Concept: 2 out of 5
Execution: 3 out of 5
Yeah, but: Name-brand pharmaceuticals are next.
The Long Version: After my Zeiss C-Sonnar review I promised Bill that I'd try to avoid inspirational photography products for a while. Reviewing lens caps seems to fit the requirement, since they're one of those little usability design things that can either go unnoticed or be an ongoing irritation. Universal generic caps manage to land somewhere in between at a reasonable price.

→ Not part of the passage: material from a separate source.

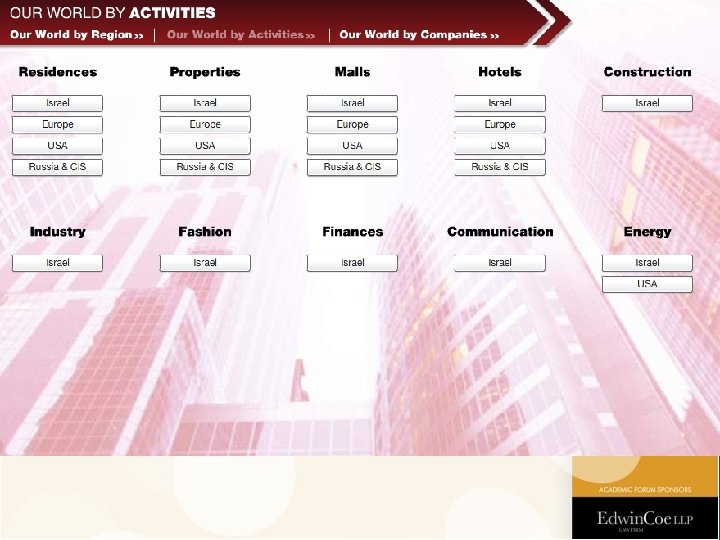 Foundations of the Plan • The going-concern value of the AFI group is related to the controlling position of Mr. Lebayev. – Enjoys personal connections in Russia and other Eastern Europe countries, that enhance the business development there. • Realization of property as of the end of 2009 would generate low recovery for the creditors, given the economic downturn in those real estate markets. – Prior to 2009 Q 2, AFI realized assets and paid off approx. 3. 3 billion NIS.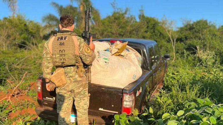 A equipe tentou realizar a abordagem, mas o motorista fugiu. Ele transitou por estradas estaduais e rurais, até acessar uma lavoura. O homem abandonou a caminhonete e fugiu a pé pela mata.

I prefer centre-pinch lens caps with any lens that wears a hood, and given how cold the Canadian winter can get, that's just about all of them. Nikon caps are great, as are the contemporary Olympus ones, but Zeiss has been kind enough to prove that even the centre-pinch can be done really badly. The only lens caps demonstrably worse than them were recalled by the manufacturer. A generic edge-pinch ens cap snapped onto the front of a metal Zeiss ZM's lens hood is a huge improvement over the original design.
Older Olympus E-System and current Canon lens caps are good examples of bad edge-pinch designs, with the hard-to-find press points set to match the cap's circumference. This makes them slow to remove when the lens doesn't have a hood on it, and almost impossible to remove when the lens is properly dressed. These generic caps aren't any better when there's a hood involved, but otherwise they're easier to release and typically hold on tighter as well.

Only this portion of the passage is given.